6. Limitations, Observed Failure Modes, and Future Directions
Current benchmark limitations include category imbalance (cryptography and reverse engineering are overrepresented relative to forensics and web), a focus on Dockerized rather than heterogeneous, real-world environments, and the absence of dynamic, Attack-Defense, or incident-response tasks (Shao et al., 2024).
Common failure modes observed:
- Stagnation: Agents hit context limits or repeated unproductive strategies (especially in “pwn” and web).
- Tooling blind spots: Lack of HTTP, advanced symbolic execution, or memory-augmented context manager.

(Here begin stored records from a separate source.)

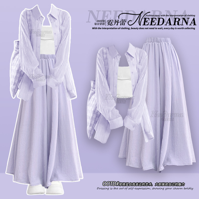 • 보라색 셔츠 + 조끼 + 보라색 치마바지 [3종세트]
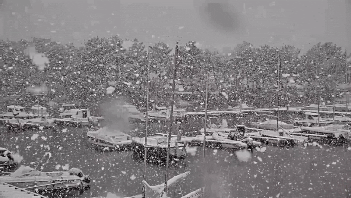 En début d'après-midi du mercredi 18 janvier 2023, une zone de précipitations venue de l'océan s'est enfoncée sur l'Aquitaine. Les fortes pluies ont généré un important effet d'isothermie avec des températures ayant perdu 4 à 5°C en quelques dizaines de minutes pour venir se situer près du zéro en Gironde. Ainsi, d'intenses chutes de neige se sont mises à tomber de Bordeaux jusqu'aux plages ! Ci-dessous, d'énormes flocons blanchissant le port d'Hourtin sur le rivage girondin en début d'après-midi.
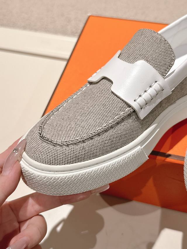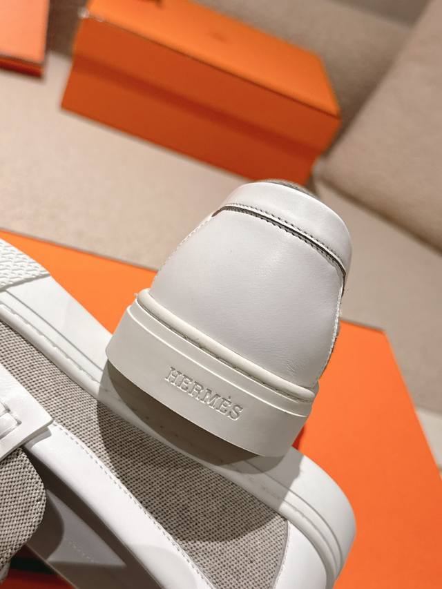 These calfskin and washed denim no-lace sneakers feature the iconic "H" detail. The simple and streamlined design creates a stylish urban look. Comfortable and versatile, a classic Hermes timeless style. Comes with exquisite boutique packaging
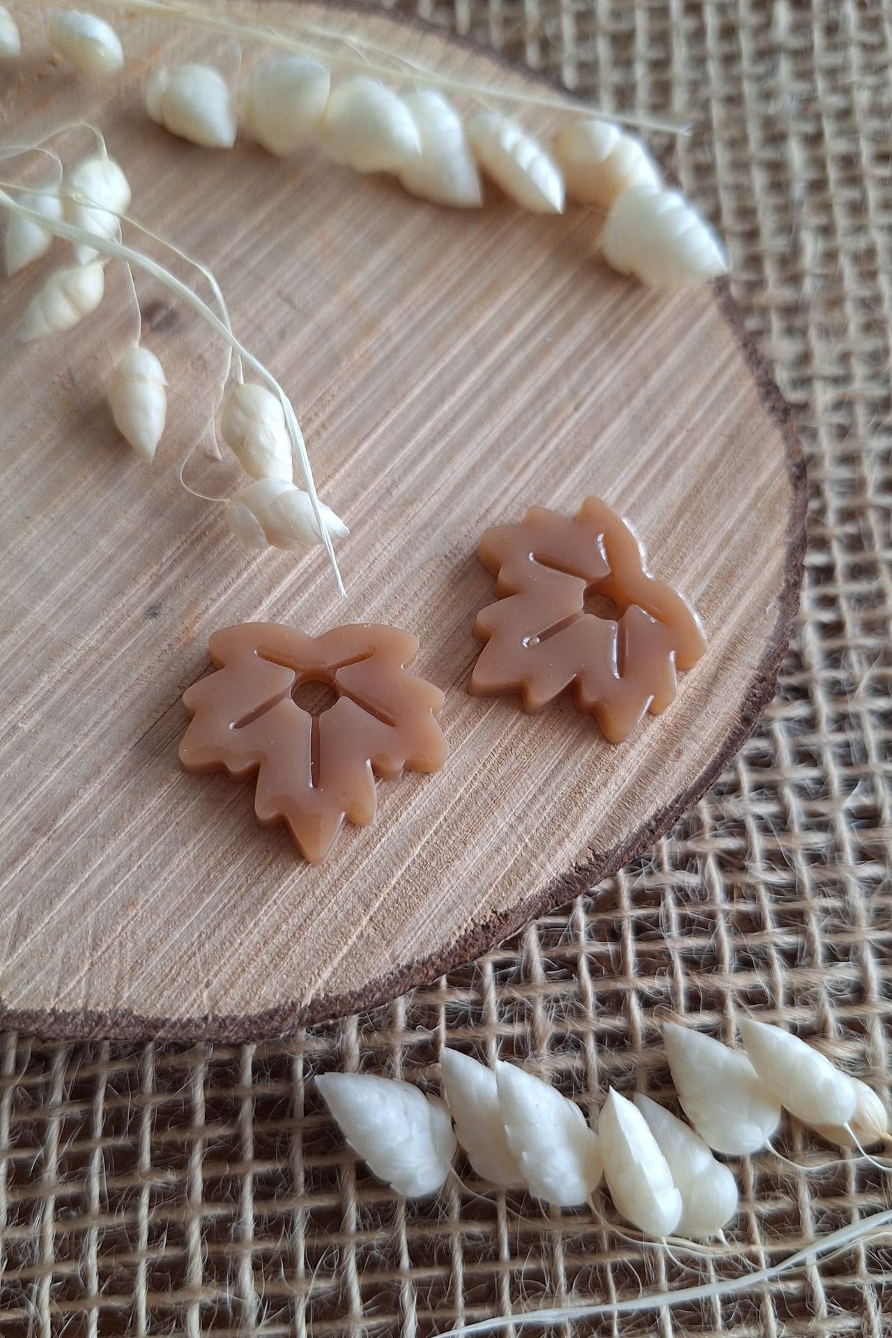 Façonnées à la main, ces pampilles capturent la douceur et les couleurs chaleureuses de l’automne. Une touche naturelle pour sublimer ta tenue de tous les jours.
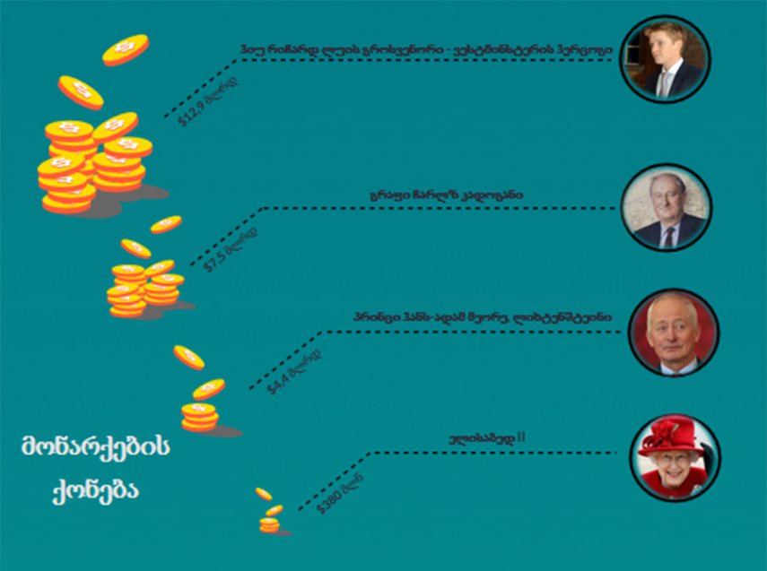 მსოფლიოს უმდიდრესი ადამიანების რეიტინგებში მუდმივად ხვდებიან სხვადასხვა ქვეყნის სამეფო ოჯახის წარმომადგენლები. Bloomberg Billionaires Index-ში სამეფო ოჯახის ერთ-ერთი ყველაზე მდიდარი წარმომადგენელი ლიხტენშტეინის პრინცი ჰანს-ადამ მეორეა, რომლის ქონებაც $4,4 მლრდ-ს შეადგენს. პრინცმა ქონება მისი ოჯახის კუთვნილი ბანკის LGT Group-ის წყალობით დააგროვა. მხოლოდ მიმდინარე წელს კი მისი ქონება $1,7 მილიარდით გაიზარდა.

- Soliloquizing and solution leakage: LLMs sometimes hallucinate tool outputs or reproduce memorized flags, impacting result fidelity (notably seen in Claude 3.5 Sonnet) (Abramovich et al., 2024).
Research directions emerging from benchmark use include:
- Expansion to other CTF series beyond CSAW, including attack-defense patterns (Shao et al., 2024).

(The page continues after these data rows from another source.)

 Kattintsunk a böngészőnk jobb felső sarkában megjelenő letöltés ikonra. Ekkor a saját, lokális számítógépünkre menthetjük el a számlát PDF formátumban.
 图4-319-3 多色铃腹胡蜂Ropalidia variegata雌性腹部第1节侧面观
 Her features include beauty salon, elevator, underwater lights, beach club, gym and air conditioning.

- Systematic MITRE ATT&CK mapping for adversary emulation evaluation (Udeshi et al., 15 Feb 2025).
- Hybrid knowledge architectures, memory augmentation, and adaptive budgeting across exploration and exploitation tasks (Shao et al., 21 May 2025).

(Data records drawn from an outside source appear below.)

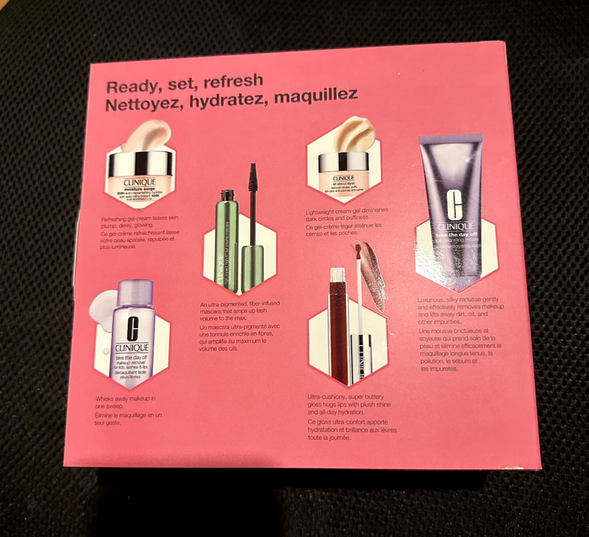 Clinique Ready, Set, Refresh Skincare + Makeup Beauty Gift Set $159 value!. Includes Full Size Take The Day Off Facial Cleansing Mousse (4.2 oz) Full Size Moisture Surge 100H Auto-Replenishing Hydrator Moisturizer (1.7 oz) Full Size Clinique Pop Plush Creamy Lip Gloss in Black Honey Pop (0.11 oz) Full Size High Impact High-Fi Full Volume Mascara in Intense Black (0.27 oz) Take The Day Off Makeup Remover For Lids, Lashes + Lips (1.7 oz) All About Eyes Eye Cream with Vitamin C (0.17 oz)
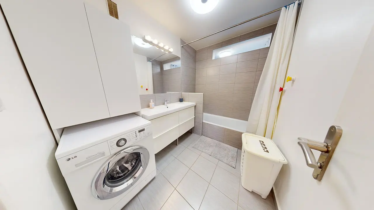 La salle d’eau comporte une baignoire, un meuble vasque avec miroir, une machine à laver ainsi que des rangements.
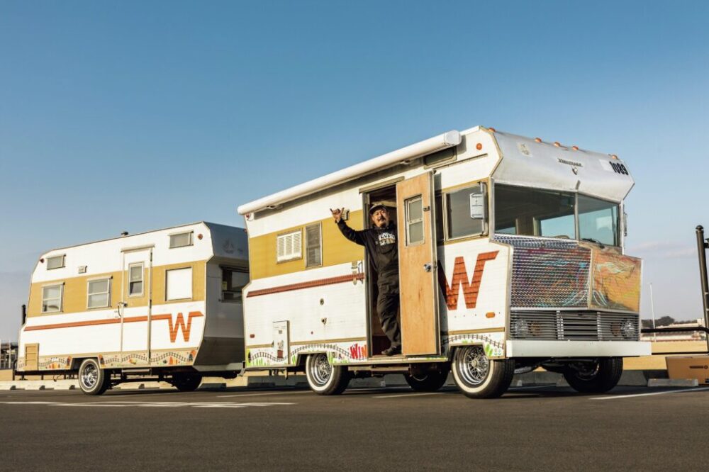 四角いのにどこか可愛らしいデザインの1968年式ウイネベーゴC16キャンパーで同じくウイネベーゴ製の217 1/2Tトラベルトレーラーを牽引した驚きのスタイルで会場を沸かせたコイモータースの小泉さん。内部は旧いキッチンやクローゼットをすべて取り外した上で、板張りの広い空間に大変身。ここにコの字型のソファを設置し、これがこのまま巨大ベッドになる仕組み。ちなみにエンジンは350ciのV8で3速ATの組み合わせ。フロントにはディスプブレーキを装着し、ちゃんと走るようになっているのもポイント! ウイネベーゴC16はその名の通り全長16フィート(約4.9m)、これに全長17.5フィート(約5.3m)の217 1/2Tトレーラーを牽引。どちらも短いが合計の全長は10mオーバー!

- Iterative fine-tuning and reinforcement learning from tool feedback signals (Shao et al., 2024).
7. Resources and Reproducibility
NYU CTF Bench is maintained as an open-source resource with public repositories for both the dataset and supporting agent automation frameworks:
- Dataset and challenge artifacts: https://github.com/NYU-LLM-CTF/NYU_CTF_Bench
- Automation playground: https://github.com/NYU-LLM-CTF/llm_ctf_automation
- Related frameworks: EnIGMA (Abramovich et al., 2024), CRAKEN (Shao et al., 21 May 2025), Cyber-Zero (Zhuo et al., 29 Jul 2025), CTF-Dojo (Zhuo et al., 25 Aug 2025).
These platforms have underpinned reproducibility, cross-benchmark comparison, and transparent methodological advances in LLM-driven offensive security research.